Hello, thank you for replying.
This is a great catch, however seems this is not the issue.
I ran multiple tests and for some reason if the 2nd mongodb server on the replica set is down pbm-agent doesn’t work.

The following are some of the last tests I did:

Test #1:

Having both mongodb servers up, ran pbm-commands from server #1 (which is the Primary on this replica set) all commands works, even seems that the PIT backups are being made from this server.

Test #2:
Stoping mongodb service on server #2. pbm-agent service doesn’t fail on server #1, but journalctl doesn’t show new logs related to pbm-agent.service and the PBM cli commands doesn’t work (commands doesn’t fail neither, it just keeps waiting and the command doesn’t return anything, in this state pbm-agent doesn’t make PIT backups of course)

Test #3:
Having mongodb service stoped on server #2, stopped pbm-agent service on server #1 and run pbm-agent manually on terminal of server #1: pbm-agent --mongodb-uri “mongodb://user:password@localhost:27017/”

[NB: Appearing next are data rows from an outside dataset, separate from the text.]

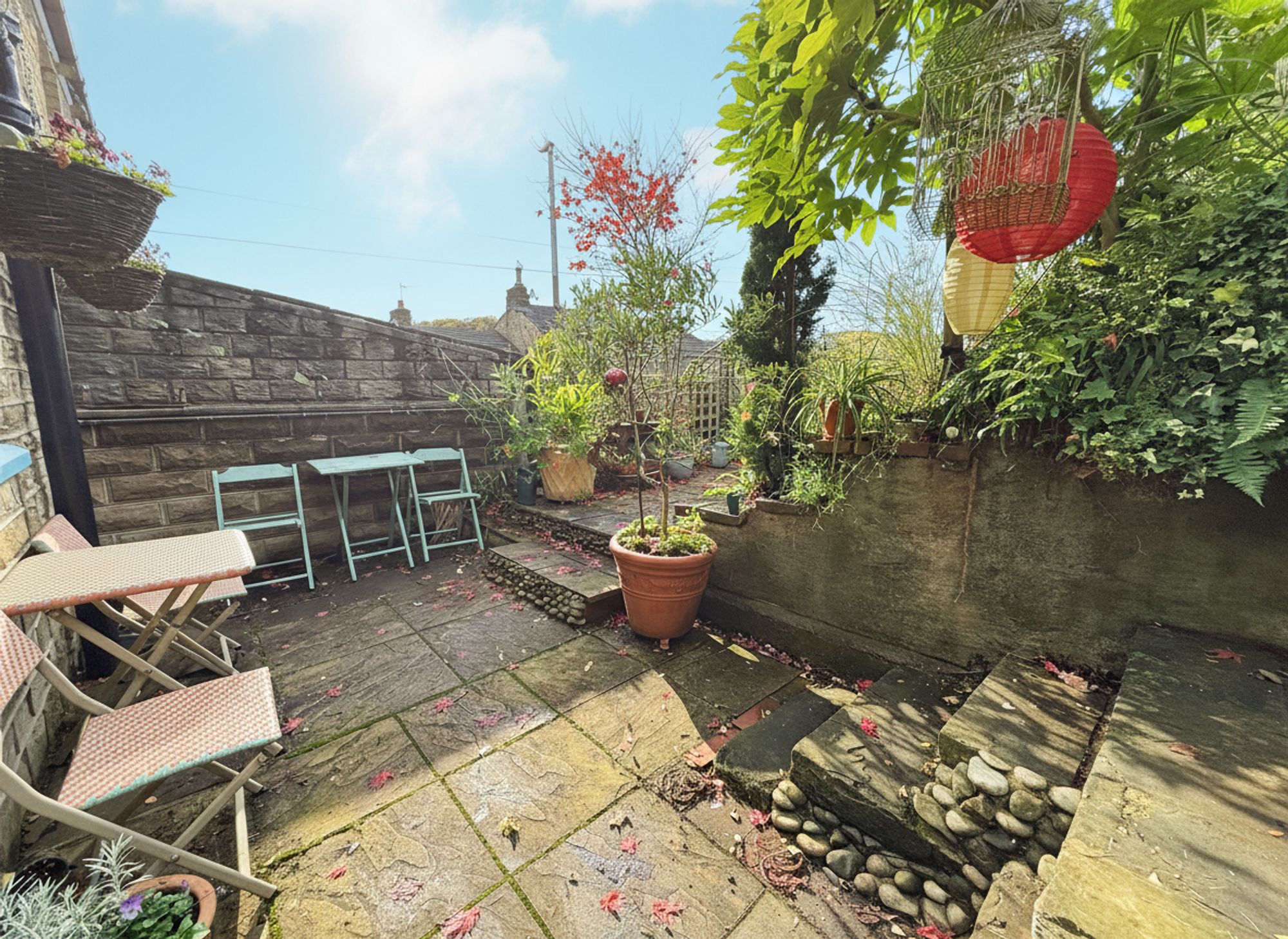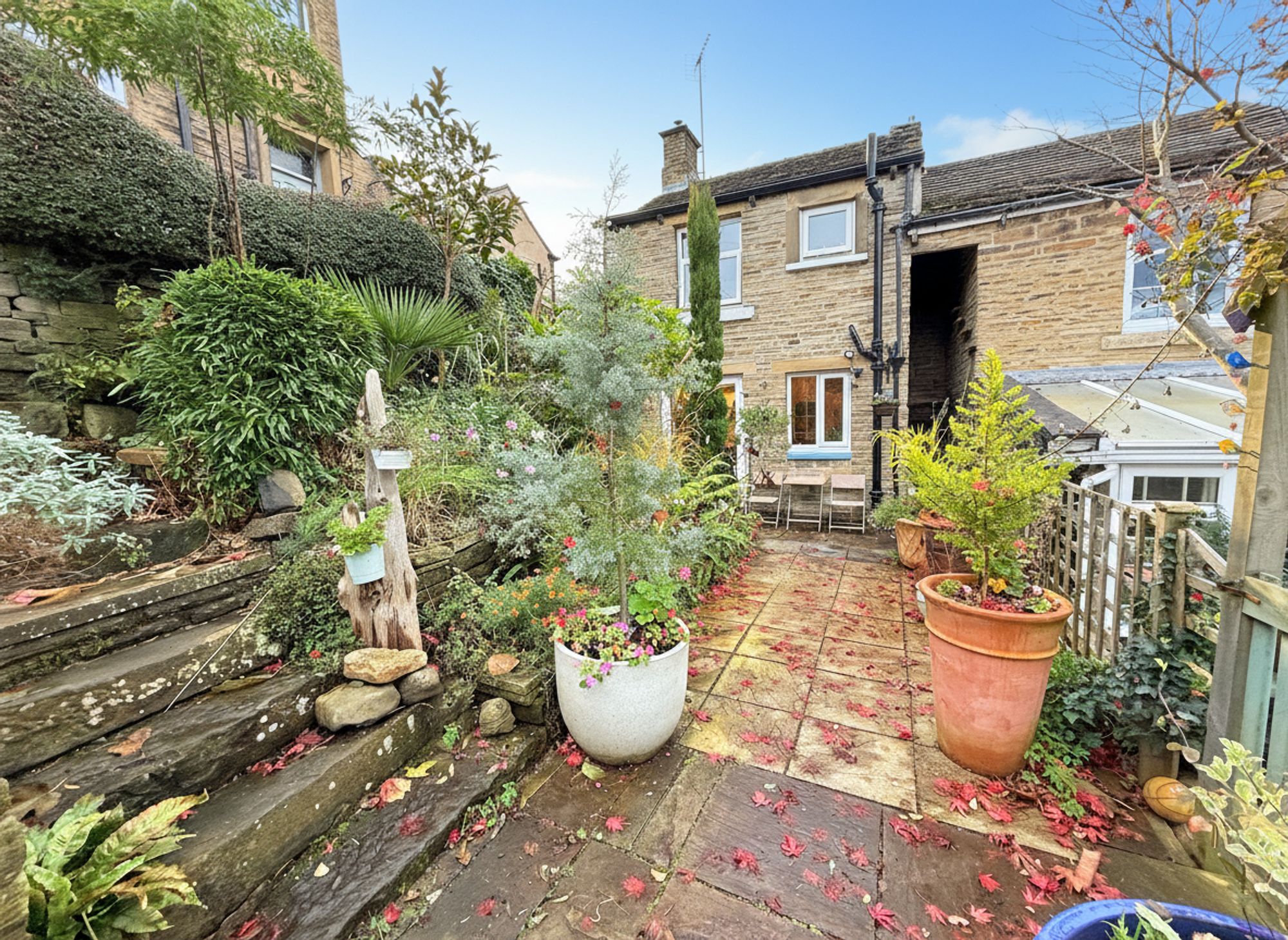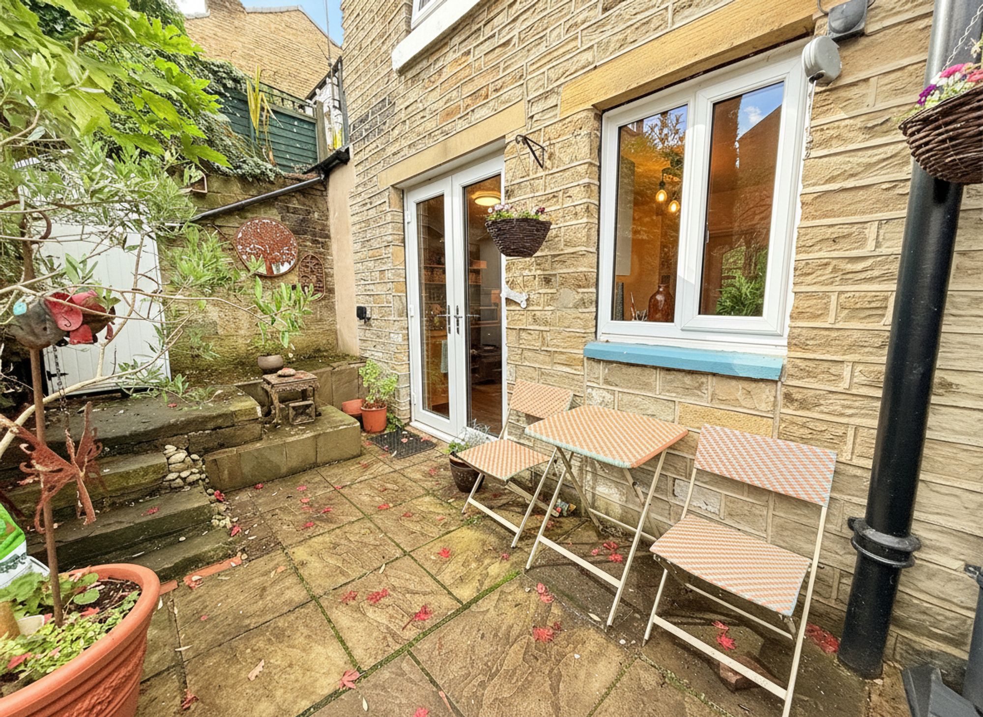 Accessible through French doors from the kitchen-diner, the rear garden features an attractive stone patio area, perfect for socialising and al fresco dining. An additional raised stone patio with outdoor electrics provides further entertaining space. Beyond this, a further stone pathway leads to beautifully maintained, tiered flower beds filled with mature plants and a charming seating area, currently housing a greenhouse. At the far end of the garden sits a solid stone-built shed with power points, offering excellent outdoor storage. There is also gated access to the driveway, along with a right of access for neighbouring properties. Additional space down the side of the property provides further convenient storage space.
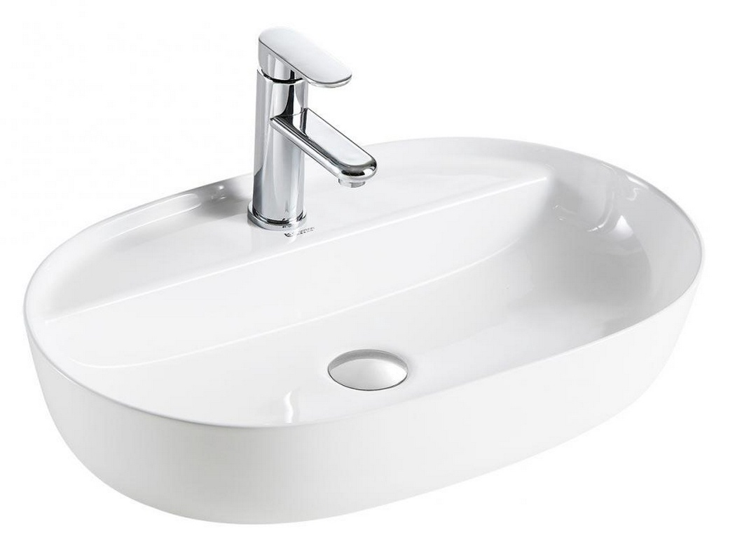 Раковина накладная на столешницу, овальная 650х415хh125мм, без отв.д/смесит., без перелива, (цв. белый), Ghost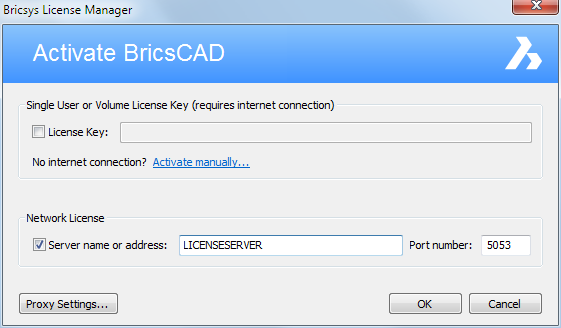 If your computer connects to the license server through a proxy server, click the Proxy Settings... button to configure the proxy settings for a network license.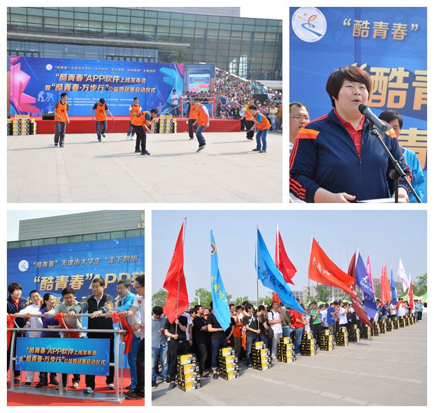 在启动仪式上,奥运冠军、中国民航大学毕业生佟文受聘天津“三走”活动形象大使。团市委、市教委、市体育局、市学联等相关主办单位嘉宾共同启动“酷青春”手机APP软件上线运行。包括中航大在内的全市19所本科高校的2000余名大学生代表共聚启动仪式现场并参加了随后进行的天津市大学生“酷青春•万步行”公益挑战赛活动,各高校的体育类学生社团也进行了现场展示。学校绳键协会的小伙子们代表中航大展示他们的青春活力,以高超的技巧、精彩的表演赢得了全场观众的喝彩。

This commands never returns and stays awaiting for return (same behaviour than running pbm cli commands when server #2 is down), then if on another terminal and without terminating the pbm-agent command, I start the mongodb service on server #2, then pbm-agent command on terminal of server #1 start showing logs as it should if all were working fine and shows “listening for the commands” msg

Note: The content of /etc/default/pbm-agent on server #1 and #2 is the same:

PBM_MONGODB_URI=“mongodb://user:password@localhost:27017”

Thanks in advance for your time and reply.

1 Like

This sounds like a bug to me. Would you mind opening a bug report in jira.percona.com?

1 Like

I do believe the same. I’ll do. Thanks

1 Like